Chat Message History

from langchain_clickzetta import ClickZettaChatMessageHistory
from langchain_core.messages import HumanMessage, AIMessage

# Create chat history
chat_history = ClickZettaChatMessageHistory(
    engine=engine,
    session_id="user_123",
    table_name="chat_sessions"
)

# Add messages
chat_history.add_message(HumanMessage(content="Hello!"))
chat_history.add_message(AIMessage(content="Hi there! How can I help you?"))

# Retrieve conversation history
messages = chat_history.messages
for message in messages:
    print(f"{message.__class__.__name__}: {message.content}")

Configuration

Environment Variables

You can configure ClickZetta connection using environment variables:

export CLICKZETTA_SERVICE="your-service"
export CLICKZETTA_INSTANCE="your-instance"
export CLICKZETTA_WORKSPACE="your-workspace"
export CLICKZETTA_SCHEMA="your-schema"
export CLICKZETTA_USERNAME="your-username"
export CLICKZETTA_PASSWORD="your-password"
export CLICKZETTA_VCLUSTER="your-vcluster"  # Required

Connection Options

engine = ClickZettaEngine(
    service="your-service",
    instance="your-instance",
    workspace="your-workspace",
    schema="your-schema",
    username="your-username",
    password="your-password",
    vcluster="your-vcluster",  # Required parameter
    connection_timeout=30,      # Connection timeout in seconds
    query_timeout=300,         # Query timeout in seconds
    hints={                    # Custom query hints
        "sdk.job.timeout": 600,
        "query_tag": "My Application"
    }
)

Advanced Usage

Custom SQL Prompts

from langchain_core.prompts import PromptTemplate

custom_prompt = PromptTemplate(
    input_variables=["input", "table_info", "dialect"],
    template="""
    You are a ClickZetta SQL expert.

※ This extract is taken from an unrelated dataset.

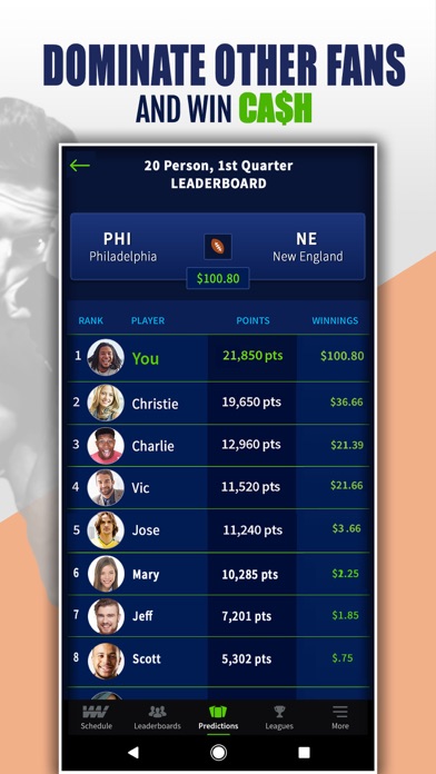 WinView brings in-game predictions, also known as props, straight to your phone while you watch live sports. You can play for cash or for fun and get paid in minutes after each quarter-long contest. Just answer 15-20 props during the live broadcast and beat other fans to win REAL MONEY prizes. Best of all? It’s 100% legal.

Given the input question and table information,
    write a syntactically correct {dialect} query.

    Tables: {table_info}
    Question: {input}

    SQL Query:"""
)

sql_chain = ClickZettaSQLChain(
    engine=engine,
    llm=llm,
    sql_prompt=custom_prompt
)

Vector Store with Custom Distance Metrics

vector_store = ClickZettaVectorStore(
    engine=engine,
    embeddings=embeddings,
    distance_metric="euclidean",  # or "cosine", "manhattan"
    vector_dimension=1536,
    vector_element_type="float"  # or "int", "tinyint"
)

Metadata Filtering

# Search with metadata filters
results = vector_store.similarity_search(
    "machine learning",
    k=5,
    filter={"category": "tech", "year": 2024}
)

# Full-text search with metadata
retriever = ClickZettaFullTextRetriever(
    engine=engine,
    table_name="research_docs"
)
results = retriever.get_relevant_documents(
    "artificial intelligence",
    filter={"type": "research"}
)

Testing

Run the test suite:

# Navigate to package directory
cd libs/clickzetta

# Install test dependencies
pip install -e ".[dev]"

# Run unit tests
make test-unit

# Run integration tests
make test-integration

# Run all tests
make test

Integration Tests

To run integration tests against a real ClickZetta instance:

Configure your connection in ~/.clickzetta/connections.json with a UAT connection
Add DashScope API key to the configuration
Run integration tests:

cd libs/clickzetta
make integration
make integration-dashscope

Development

Setup Development Environment

# Clone the repository
git clone https://github.com/yunqiqiliang/langchain-clickzetta.git
cd langchain-clickzetta/libs/clickzetta

# Install in development mode
pip install -e ".[dev]"

# Install pre-commit hooks (if configured)
pre-commit install

Code Quality

# Navigate to the package directory
cd libs/clickzetta

# Format code (auto-fixes many issues)
make format

# Linting (significantly improved)
make lint      # ✅ Reduced from 358 to 65 errors - 82% improvement!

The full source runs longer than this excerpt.